なぜ羽ばたくのか?
バットシャドウが最初にハッブル宇宙望遠鏡によって撮影されたのは、2017年でした。その約1年後の2018年に再度撮影すると、その影の位置が変わっていたことがわかりました。
現在のところ2枚しか撮影画像がないため、微妙な変化に見えますが、1万7千天文単位(約0.24光年)のサイズのものが羽ばたくように動いているというのは驚くべきことです。
なぜ、バットシャドウの影は動いているのでしょうか?
これはHBC672を取り巻く原始惑星円盤が、ポテトチップスのように歪んだ形をしているためだと考えられています。
では、一体なぜ円盤はゆがんでいるのでしょうか?
1つの説としては、HBC672が連星であり、低質量・低光度の伴星を持っているためだと考えられています。
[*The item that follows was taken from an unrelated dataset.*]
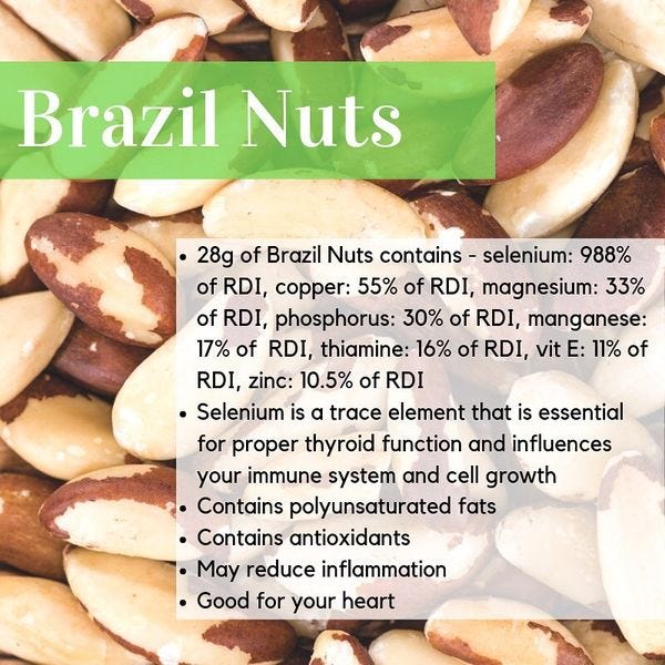 In conclusion, evidence has supported the positive impact of specific foods on Se levels and anti-oxidant activity. Most relevantly, the research of Stockler-Pintos et al. (2010) emphasized the impact of Brazil nut consumption in rectifying Se deficiency; a modicum of said nut (i.e., one nut/day) for 3 months demonstrated a positive and measurable change in biomarkers central to maintaining optimal Se levels. Finally, the study is a reminder of the influence of food as a first line intervention (i.e., food-first approach) in addressing health-related matters in a safe and cost-effective manner.

しかし、今回、バットシャドウの歪みについて新たに研究を発表したのチームは、その可能性が低いと考えています。
もし伴星が存在しているとしたら、その伴星は観測されているよりも円盤の材料をもっと飲み込んでしまっているはずだからです。
チームが新たに提案する原因は、傾いた軌道で回る原始惑星の存在です。
チームの推測では、ディスク平面から非常に傾いた軌道を回る原始惑星があった場合、影を羽ばたかせるような反りを生み出すとしています。
この原始惑星は、少なくとも180日周期で星を回り、太陽と地球とほぼ同程度の距離にあると考えられています。
しかし、現状バットシャドウは2回しか観測されておらず、影の中心にある円盤はあまりに小さいため見ることができません。
正確な原因を特定するのは、難しい状況です。
しかし、もしこれが軌道上の惑星によって引き起こされているならば、羽ばたきは一定間隔で鼓動のように繰り返されているはずであり、その周期性は今後の観測で発見できる可能性があります。
今後稼働するジェームズ・ウェッブ宇宙望遠鏡も、こうした観測を安定して行えるため、この特殊な天体の観測から、原始太陽系における惑星形成の流体力学を学べる可能性があるといいます。
宇宙に羽ばたくバットシャドウ、まだまだ宇宙には不思議な天体が溢れているようです。
この研究は、宇宙望遠鏡科学研究所の研究者Klaus M. Pontoppidan氏を筆頭とする研究チームより発表され、論文は天文学に関する学術雑誌『The Astrophysical Journal』に6月25日付で掲載されています。